Тетка, две бабушки и особенно пермская бабушка Толлиниха, да и дед Матвей Романович порассказали достаточно сказок, былей-небылей, страшных и счастливых историй, чтобы развить воображение Маврика. И теперь он иногда пересказывал, видоизменяя слышанное, однако же способность выдумывать была столь очевидна, что и злая Манефа находила в Толлине «сочинительный дар». Да и как этот «дар» было не обнаружить, когда появившийся на заборе чижик заставил Маврика рассказать очень интересную неправду.

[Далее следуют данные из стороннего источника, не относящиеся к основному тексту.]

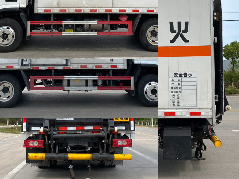 | 其它: | 1、該車為危險品運輸車,運輸具有獨立容器(瓶)包裝的物品,運送危險物品類項號:9。廂體頂部封閉,不可開啟。2、側、后防護材料均為Q235,螺栓連接,后防護截面尺寸(mm)Φ100,下邊緣離地高390mm。選裝后部無尾板時,后防護材料為Q235,螺栓連接,截面尺寸(mm)120×60,下邊緣離地高400mm。尾板收起狀態(tài)水平長度為280mm,尾板質量為350kg。3、整備質量含備胎,滅火器及隨車工具;貨廂重量為1050kg;材質/厚度:復合板結構廂體:底板材質為Q235,厚度4mm,側板為外Q235+中間阻燃泡沫+內純鋁板,厚度42mm;瓦楞板結構廂體:底板材質為Q235,厚度4mm,側板為Q235,厚度1.5mm。4、僅選用排氣管前置、限速裝置(限速80km/h)、前輪盤式制動及子午線輪胎的底盤,轉向輪安裝輪胎爆胎應急防護裝置。安裝帶有衛(wèi)星定位功能的行駛記錄儀。ABS系統(tǒng)控制器型號/生產(chǎn)企業(yè): :YF8/武漢元豐汽車電控系統(tǒng)有限公司,ABS-E/威伯科汽車控制系統(tǒng)(中國)有限公司,ABS-VI·E/廣州瑞立科密汽車電子股份有限公司,YF9/武漢元豐汽車電控系統(tǒng)有限公司。發(fā)動機/油耗值(L/100km)對應關系為: D20TCIF2/11.22,D25TCIF1/11.16, D20TCIF1/11.22。僅選用3360mm軸距,選裝ETC。廂體側面選裝開門型式及位置,選裝不帶側開門,選裝瓦楞板結構;廂體前后及側面選裝開百葉窗,選裝后尾板樣式,選裝無后尾板。 |

— Я видел сам вчера у казенки, — рассказывал он, — как этот глупый чижик пил водку.
— Какую, где, ты что? — спросил Митька.
— У казенки, на Купеческой улице. Пьяный разбил бутылку, и все разлилось. А чижик очень хотел пить. И он думал, что это вода. Откуда же чижику знать? Правда, ребята? Водка же тоже белая, и он напился…
И когда все согласились с этим, можно было придумывать дальше. А дальше чижик валялся под забором, и его чуть не схватила кошка, но на нее накинулась собака Мальчик. Чижик протрезвился, хотя и не совсем. Ночевал он на березе и, проснувшись, стал звать своих. Но свои улетели…
— Все большие чижики улетели в теплые края, — рыдающим голосом тети Кати рассказывал Маврик. — И остался маленький чижик один. Один-одинешенек. Ни папы, ни мамы, ни дедушки с бабушкой — никого… Они все улетели… Все до одного, а дорогу в теплые края он не знал… А кошка караулила его… Она скалила зубы и кричала: «Я тебя мяу-мяу до последнего перышка…» И вот она стала точить когти, потом зубы…
Маврику и самому до слез было жаль чижика, которому он придумал сначала легкомысленное опьянение, а затем «неминучую смерть», но ему очень хотелось спасти чижика. И всем хотелось спасти эту маленькую птичку, которая жила теперь не выдуманно, а правдиво и для самого Маврика.
— И когда чижик насквозь прозяб до последней косточки, — рассказывал Маврик, еще не зная, что его спасет, и тянул время, — и когда кошка пробиралась к нему по веткам, вдруг…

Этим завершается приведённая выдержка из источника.